X = tf.placeholder(tf.float32, shape = [None, inputSize])
y = tf.placeholder(tf.float32, shape = [None, numClasses])

W1 = tf.Variable(tf.random_normal([inputSize, numHiddenUnits], stddev=0.1))
B1 = tf.Variable(tf.constant(0.1), [numHiddenUnits])
W2 = tf.Variable(tf.random_normal([numHiddenUnits, numHiddenUnitsLayer2], stddev=0.1))
B2 = tf.Variable(tf.constant(0.1), [numHiddenUnitsLayer2])
W3 = tf.Variable(tf.random_normal([numHiddenUnitsLayer2, numClasses], stddev=0.1))
B3 = tf.Variable(tf.constant(0.1), [numClasses])
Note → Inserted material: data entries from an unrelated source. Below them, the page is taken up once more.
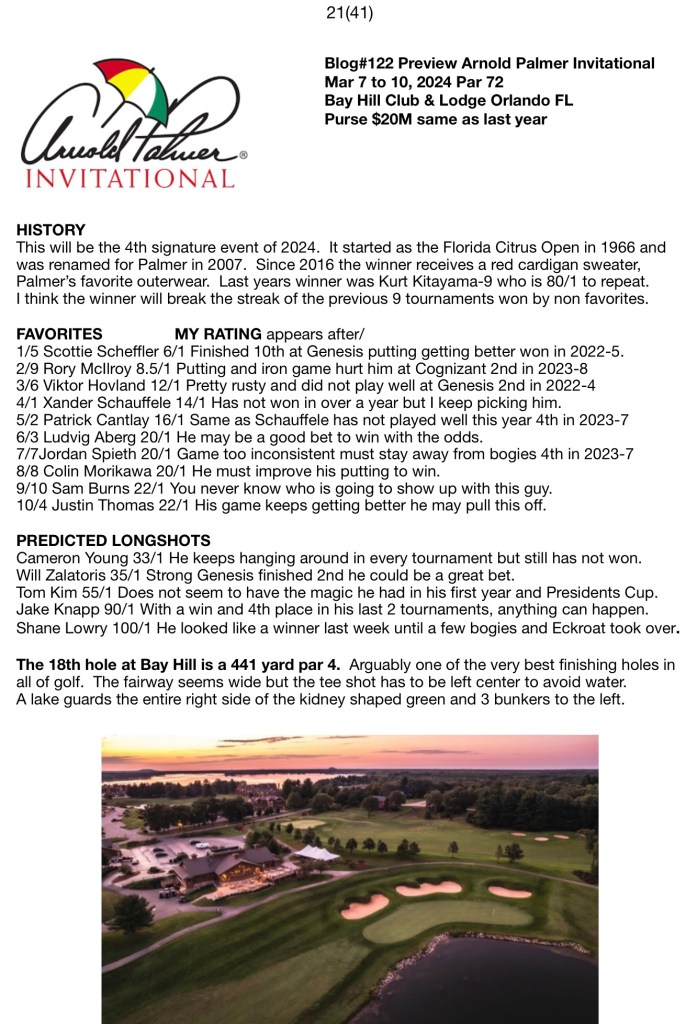 This will be the 4th signature event of 2024. It started as the Florida Citrus Open in 1966 and was renamed for Palmer in 2007. Since 2016 the winner receives a red cardigan sweater, Palmer’s favorite outerwear. Last years winner was Kurt Kitayama-9 who is 80/1 to repeat.
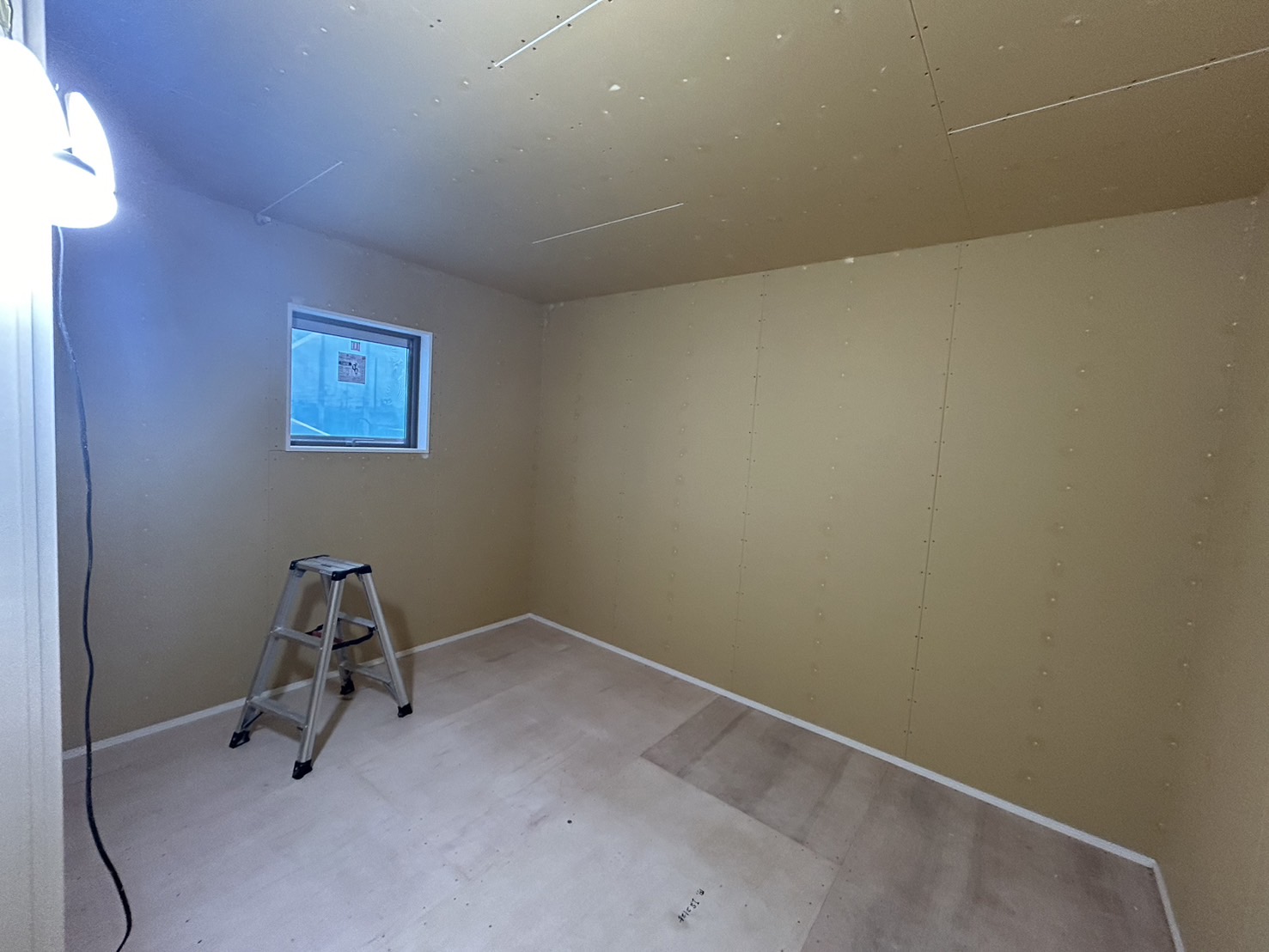 松阪市殿町M様邸は、プラスターボード張りが完了し、残された細かな造作工事が行われています。
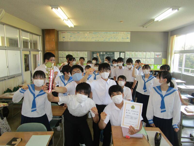 今回は、3年3組、2年2組、1年2組がトロフィーを勝ち取りました。おめでとうございます。さて、次回はどのクラスにトロフィーが!
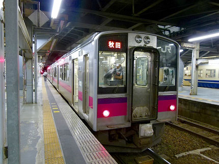 奥羽本線に乗り換えた。電車は701系で座席はロングシート。進行方向左側に座る。北上線と同様に真っ暗で何も見えない。しかし、大曲から秋田への道筋にはささやかな"お楽しみ"がある。秋田新幹線乗り入れ用に整備された区間だからだ。在来線列車用の狭軌と、新幹線用の標準軌が並ぶ。

hiddenLayerOutput = tf.matmul(X, W1) + B1
hiddenLayerOutput = tf.nn.relu(hiddenLayerOutput)
hiddenLayer2Output = tf.matmul(hiddenLayerOutput, W2) + B2
hiddenLayer2Output = tf.nn.relu(hiddenLayer2Output)
finalOutput = tf.matmul(hiddenLayer2Output, W3) + B3

loss = tf.reduce_mean(tf.nn.softmax_cross_entropy_with_logits(labels = y, logits = finalOutput))
opt = tf.train.GradientDescentOptimizer(learning_rate = .1).minimize(loss)
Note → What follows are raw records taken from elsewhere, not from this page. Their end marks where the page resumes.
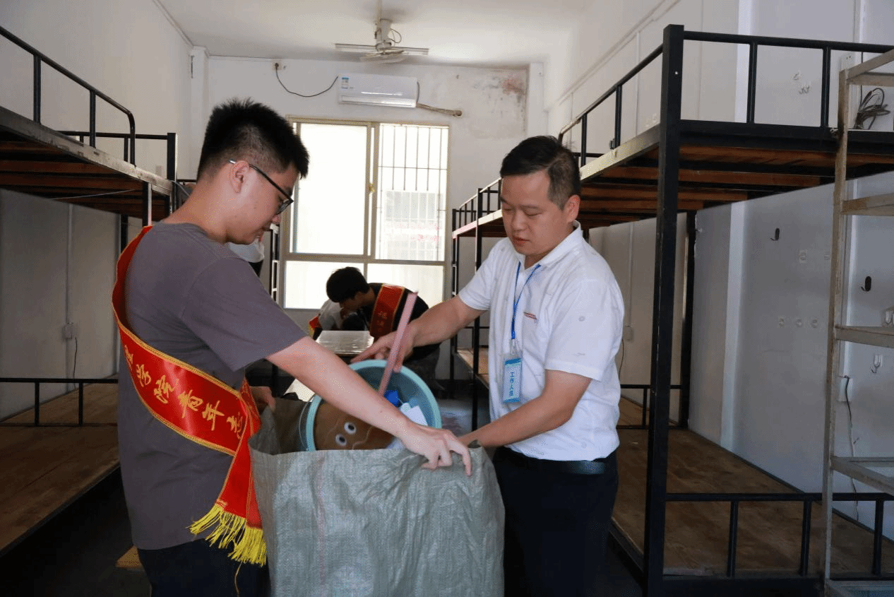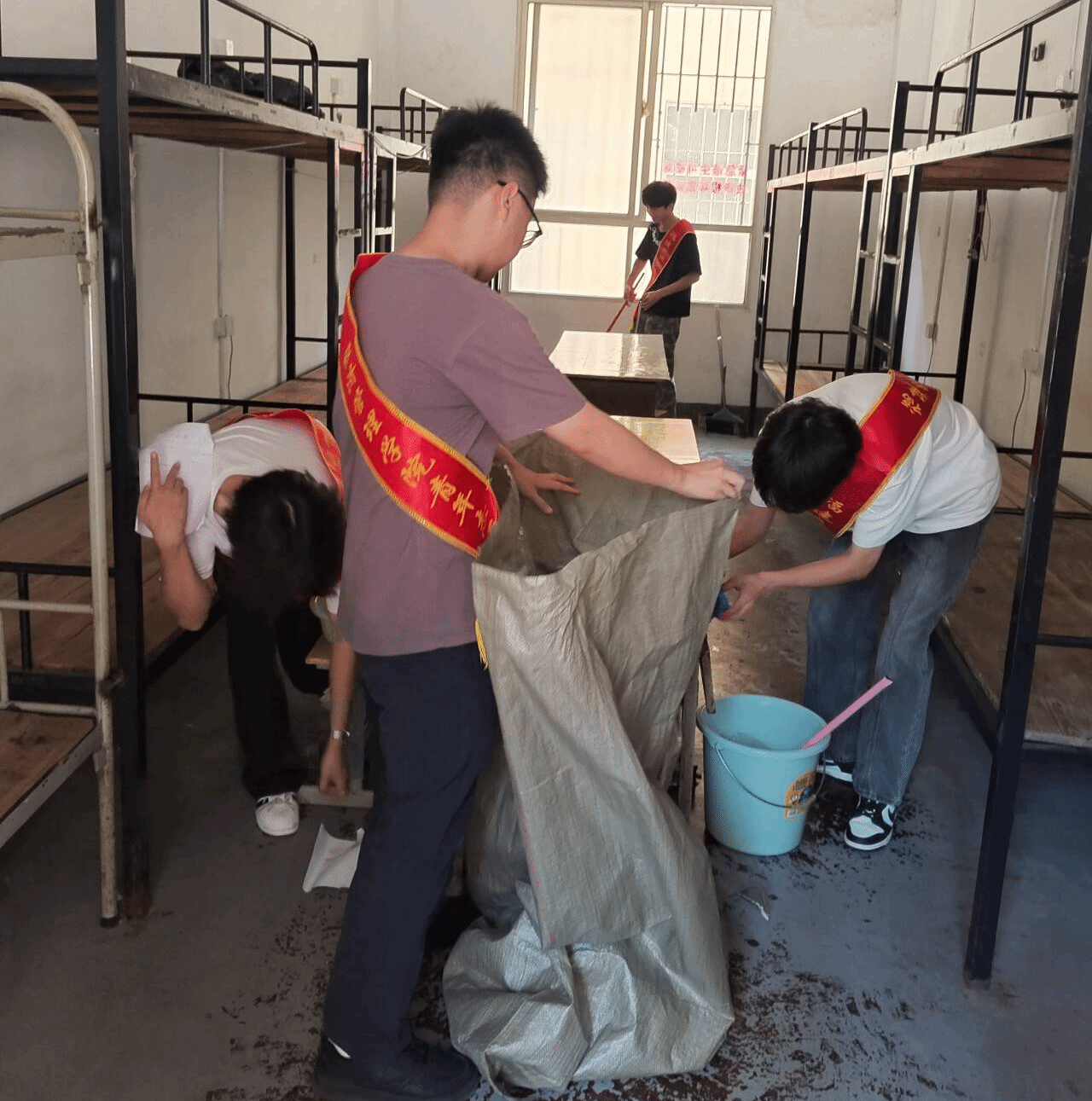 学生党员们热情高涨,分工明确,成立“物资整理组”“卫生清洁组”二个小组。物资整理组深入学生宿舍,协助23级即将离校实习同学分类整理衣物、书籍等物品,细心打包易碎品,对仍具使用价值的书籍、生活用品等进行登记整理;对需丢弃的杂物进行集中打包,确保物品处置规范有序。卫生清洁组手持扫把、拖把等工具,对已全部离校学生宿舍地面、桌面、窗台等区域进行彻底清扫,确保床底无杂物、窗台无灰尘,打造干净卫生的文明宿舍环境。
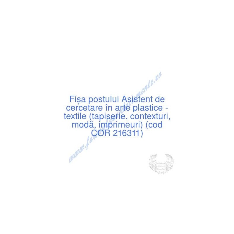 Aceste documente OBLIGATORII pentru ocupantul postului de Asistent de cercetare în arte plastice - textile (tapiserie, contexturi, modă, imprimeuri) (cod COR 216311), sunt complet întocmite, respectând cerințele Codului muncii actualizat 2023, Legii securității și sănătății în muncă nr. 319/2006 (actualizată 2023), răspund tuturor cerințelor standardelor de calitate referitoare la management (ISO 9001/ ISO 14001/ ISO 22000 etc.). Aceste documente îndeplinesc cu succes rolul de a ghida salariatul angajat pe funcția de Asistent de cercetare în arte plastice - textile (tapiserie, contexturi, modă, imprimeuri) cu privire la atribuțiile și responsabilitățile sale și respectă rigorile legale verificate de inspectorii ITM și SSM.
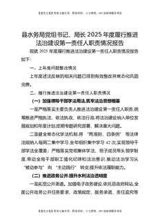 县水务局党组书记、局长2025年度履行推进法治建设第一责任人职责情况报告.docx

correct_prediction = tf.equal(tf.argmax(finalOutput,1), tf.argmax(y,1))
accuracy = tf.reduce_mean(tf.cast(correct_prediction, "float"))

sess = tf.Session()
init = tf.global_variables_initializer()
sess.run(init)

for i in range(trainingIterations):
    batch = mnist.train.next_batch(batchSize)
    batchInput = batch[0]
    batchLabels = batch[1]
    _, trainingLoss = sess.run([opt, loss], feed_dict={X: batchInput, y: batchLabels})
    if i%1000 == 0:
        train_accuracy = accuracy.eval(session=sess, feed_dict={X: batchInput, y: batchLabels})
        print ("step %d, training accuracy %g"%(i, train_accuracy))
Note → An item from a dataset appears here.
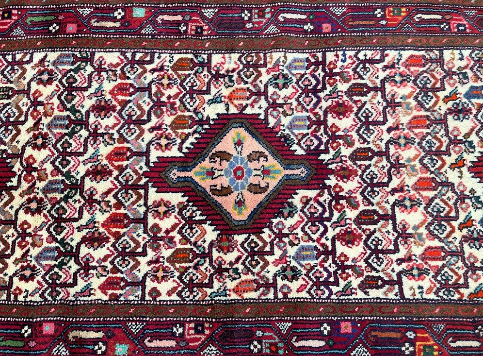Rare Authentic Tribal Handmade Persian Hamedan Hall Runner. Above All It Has A Pure Hand Spun Wool Pile On Cotton Base. It Also Has A Beige, Red, Blue, Green And Pink Tone Dyed Using Traditional Methods.
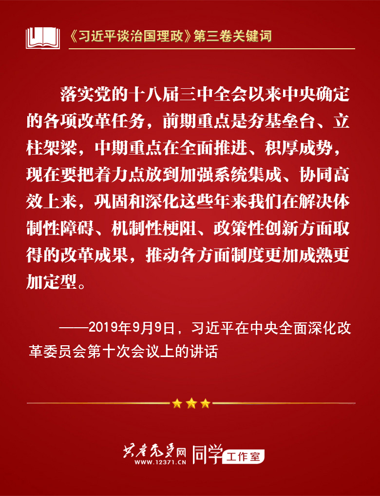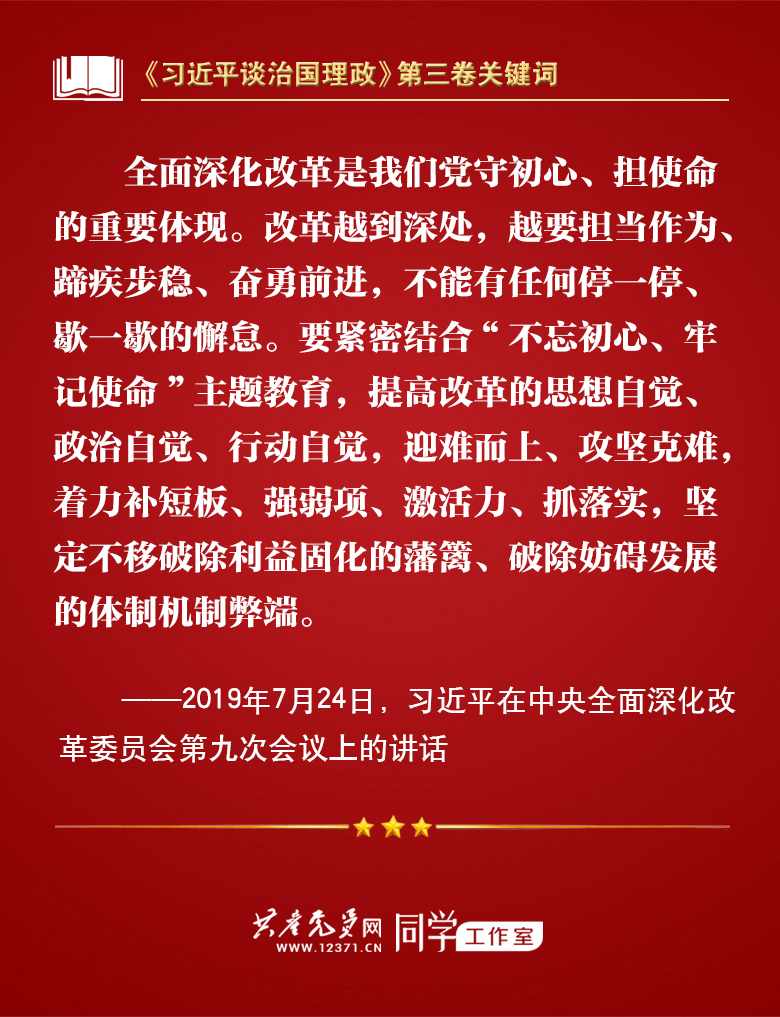 我们梳理习近平总书记部分讲话,带你学习著作中的关键词。今天的关键词是“全面深化改革”。

testInputs = mnist.test.images
testLabels = mnist.test.labels
acc = accuracy.eval(session=sess, feed_dict = {X: testInputs, y: testLabels})
print("testing accuracy: {}".format(acc))

结果是：
step 0, training accuracy 0.06
step 1000, training accuracy 0.98
step 2000, training accuracy 0.96
step 3000, training accuracy 0.96
step 4000, training accuracy 1
step 5000, training accuracy 1
step 6000, training accuracy 0.99
step 7000, training accuracy 1
step 8000, training accuracy 0.99
step 9000, training accuracy 1
testing accuracy: 0.9726999998092651